军医蹲在旁边摇头叹气,活像庙里算命的瞎子。
多隆阿一瞅这架势,喉头一哽,颤声道:“老赵啊,你这屁股上的枪子儿,咋还‘生根发芽’了?”
赵既发眯着眼,有气无力地回嘴:“将军,您这‘铁屁股’外号,怕是要让给我喽……哎呦!”
话没说完,伤口疼得他直抽抽,活像被踩尾巴的猫。
军医哭丧着脸禀报:“将军,赵大人伤口发炎,又染了瘟疫,药石无灵啊!”
多隆阿瞪眼骂:“无灵?你当自个儿是庙里的泥菩萨呢!再寻良药,否则提头来见!”
军医吓得缩脖,嘟囔:“这年头,连老鼠都饿得啃药草,哪儿找仙丹呐……”
帐外忽传来一阵骚动,却是革命军骑兵部队夜袭的虚报,清军慌作一团。
多隆阿气得跺脚:“贼寇都退咸阳了,还瞎嚷嚷!”
回头一望赵既发,那汉子竟咧嘴笑:“将军,您瞧咱这命——白天挨枪子儿,夜里听‘狼嚎’,倒比戏台热闹!”
说罢咳嗽连连,血沫子溅了枕巾一片。
多隆阿心头酸涩,却硬挤出一丝笑:“老赵,你莫学那断弦的琵琶,咱大清还指着你守城门呢!”
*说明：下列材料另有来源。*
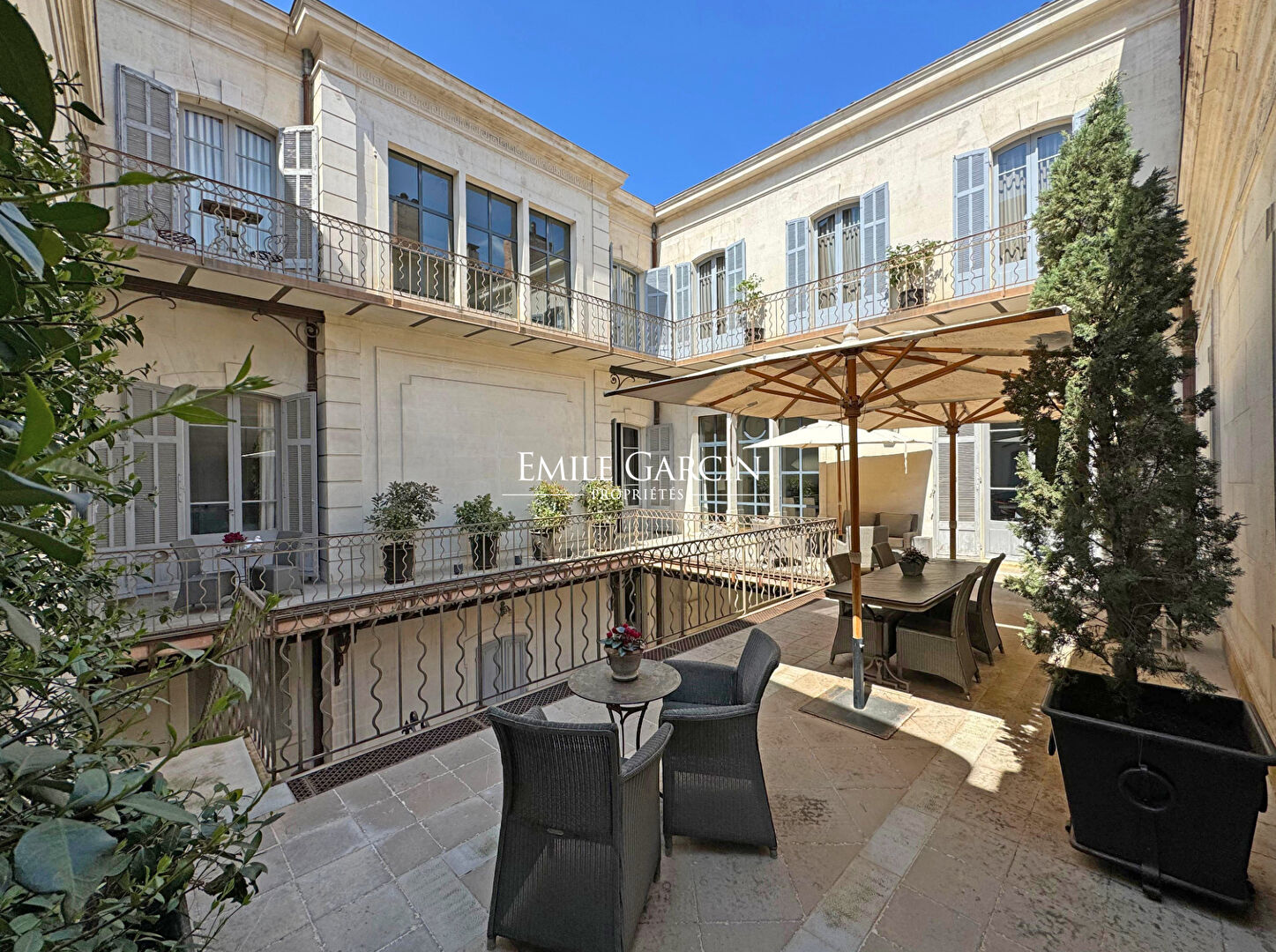 Located on a quiet street near the Palais des Papes, this fully renovated city mansion presents a winning blend of historic charm, unique architectural elements and modern levels of comfort. A spacious entrance hall opens onto an interior courtyard (with the potential of being made into a small garden), as well as a staff apartment. A magnificent marble staircase leads to the upper floors, which are also accessible via an elevator. This part of the property comprises a large living room, a library, a bright dining room with a glass roof, a kitchen, a bedroom and a small workshop. You will find four bedrooms on these floors, including two suites with dressing rooms, shower rooms, bathrooms, and private toilets, plus two other bedrooms with a shared shower room. This unique property also features a caretaker's apartment, a double garage and an attic. An exceptional setting for anyone in search of refinement and tranquility in the heart of Avignon.

赵既发忽攥住他袖口,眼珠迸出亮光:“将军,若、若我去了……替我告诉阎王——赵既发的屁股,比他的龙椅还硬!”
话音未落,一口气噎在喉间,帐内霎时静得跟坟地似的。
多隆阿扑上前掐人中,吼:“老赵!别睡!咱还没喝庆功酒呢!”
军医哆嗦着探鼻息,摇头如捣蒜。
多隆阿忽觉喉头腥甜——原是自己急火攻心,呕出一口血来。
帐外风骤起,吹灭烛火,唯余满帐悲恸与渭水呜咽。
这一夜,赵既发成了“阎王爷的座上客”,而多隆阿抱着那尚温的遗体,喃喃自语:“上天使我失双臂,陕事难为矣……”
自此,清军帐内再无“铁屁股”的嬉笑怒骂,唯余瘟疫肆虐、士气如秋叶的凋零。
多隆阿抱病固守空城,望着咸阳方向,知那赫明堂的狐狸尾巴,迟早还要卷土重来。
多隆阿攥着赵既发的遗物,踉跄步出帐外,正撞上雷正绾捧着伤亡簿子赶来。